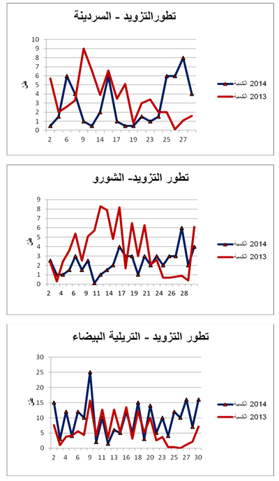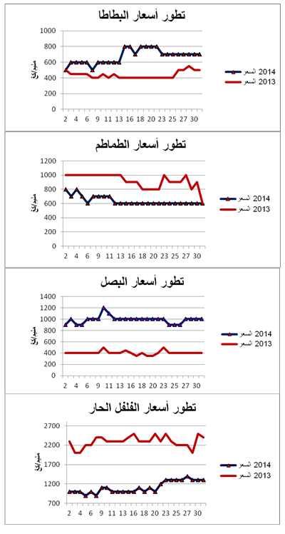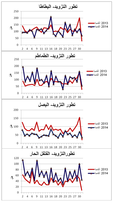 معدل التطور الجملي للأسعار 2013-2014 (%) معدل التطور الجملي للتزويد 2013-2014 (%)
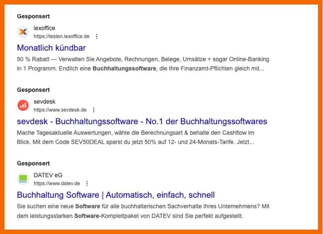 Stärkung der Markenbekanntheit: Auch wenn Nutzer:innen nicht auf die Anzeige klicken, nehmen sie deine Marke oder dein Unternehmen wahr. Durch regelmäßige Präsenz in den Suchergebnissen wird der Wiedererkennungswert gesteigert und Vertrauen aufgebaut. Gerade im B2B-Bereich mit oft langen Entscheidungsprozessen ist das wertvoll.
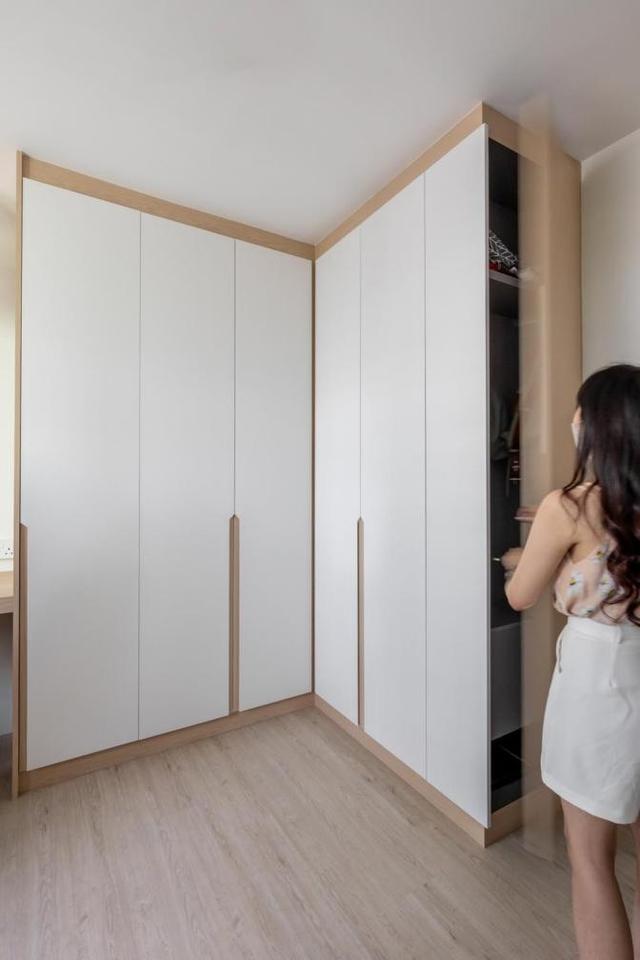 一门到顶的衣柜增加衣服的收纳空间,无把手的设计让柜子的整体性统一,在柜子的侧面空间做隐形收纳设计,里面装上隔板可以用来收纳一些包包。
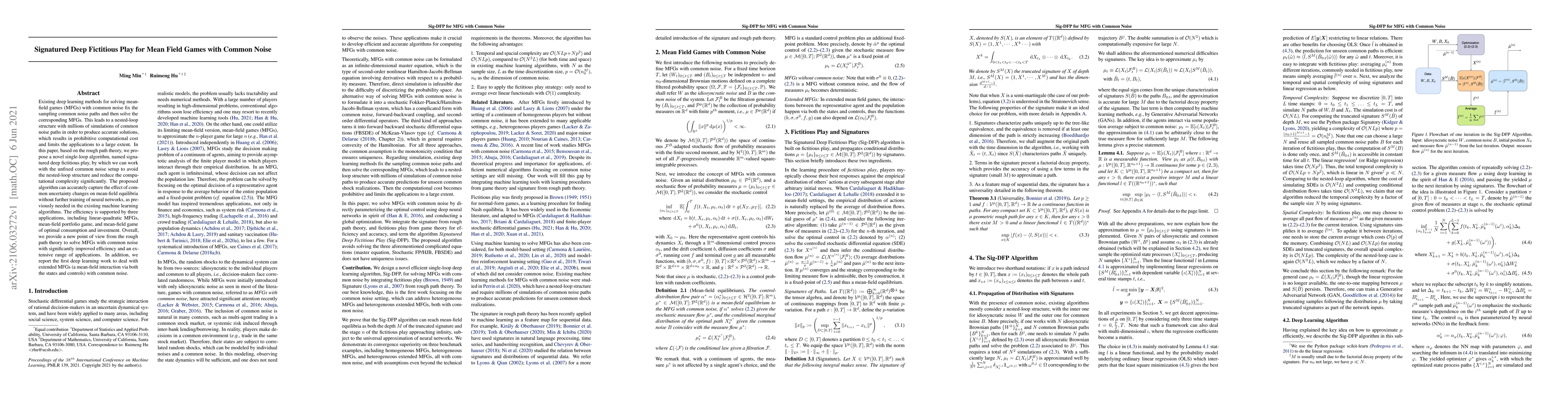 This paper introduces a signatured deep fictitious play algorithm based on rough path theory to solve mean-field games with common noise, eliminating the nested-loop structure and significantly reducing computational complexity. The proposed method efficiently captures the impact of common uncertainty changes without additional neural network training.
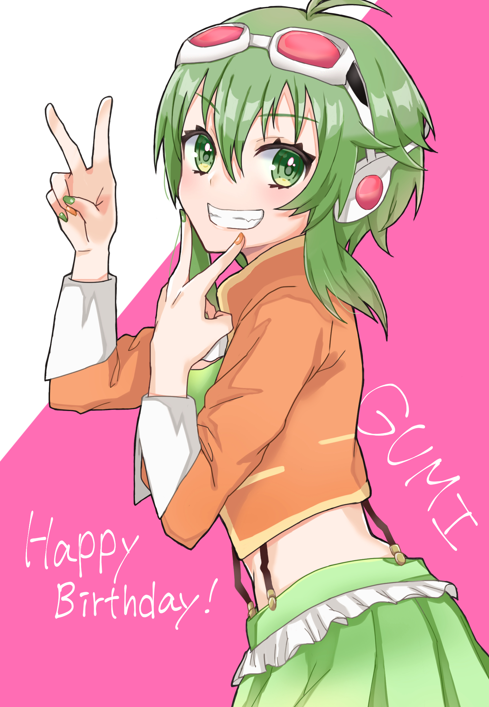 1girl ahoge aonamisan character_name commentary double_v fingers_to_chin from_side goggles goggles_on_head green_eyes green_hair green_nails green_skirt green_tube_top grin gumi hand_on_own_chin hand_up happy_birthday headphones highres jacket looking_at_viewer looking_to_the_side gumi_(v3_megpoid) multicolored_nails nail_polish orange_jacket orange_nails pleated_skirt red_goggles short_hair_with_long_locks sidelocks skirt smile strapless suspender_skirt suspenders tube_top v vocaloid

Problem description: The answer is a faithful copy of the records above, with the pictures removed.

Reply:
 معدل التطور الجملي للأسعار 2013-2014 (%) معدل التطور الجملي للتزويد 2013-2014 (%)
 Stärkung der Markenbekanntheit: Auch wenn Nutzer:innen nicht auf die Anzeige klicken, nehmen sie deine Marke oder dein Unternehmen wahr. Durch regelmäßige Präsenz in den Suchergebnissen wird der Wiedererkennungswert gesteigert und Vertrauen aufgebaut. Gerade im B2B-Bereich mit oft langen Entscheidungsprozessen ist das wertvoll.
 一门到顶的衣柜增加衣服的收纳空间,无把手的设计让柜子的整体性统一,在柜子的侧面空间做隐形收纳设计,里面装上隔板可以用来收纳一些包包。
 This paper introduces a signatured deep fictitious play algorithm based on rough path theory to solve mean-field games with common noise, eliminating the nested-loop structure and significantly reducing computational complexity. The proposed method efficiently captures the impact of common uncertainty changes without additional neural network training.
 1girl ahoge aonamisan character_name commentary double_v fingers_to_chin from_side goggles goggles_on_head green_eyes green_hair green_nails green_skirt green_tube_top grin gumi hand_on_own_chin hand_up happy_birthday headphones highres jacket looking_at_viewer looking_to_the_side gumi_(v3_megpoid) multicolored_nails nail_polish orange_jacket orange_nails pleated_skirt red_goggles short_hair_with_long_locks sidelocks skirt smile strapless suspender_skirt suspenders tube_top v vocaloid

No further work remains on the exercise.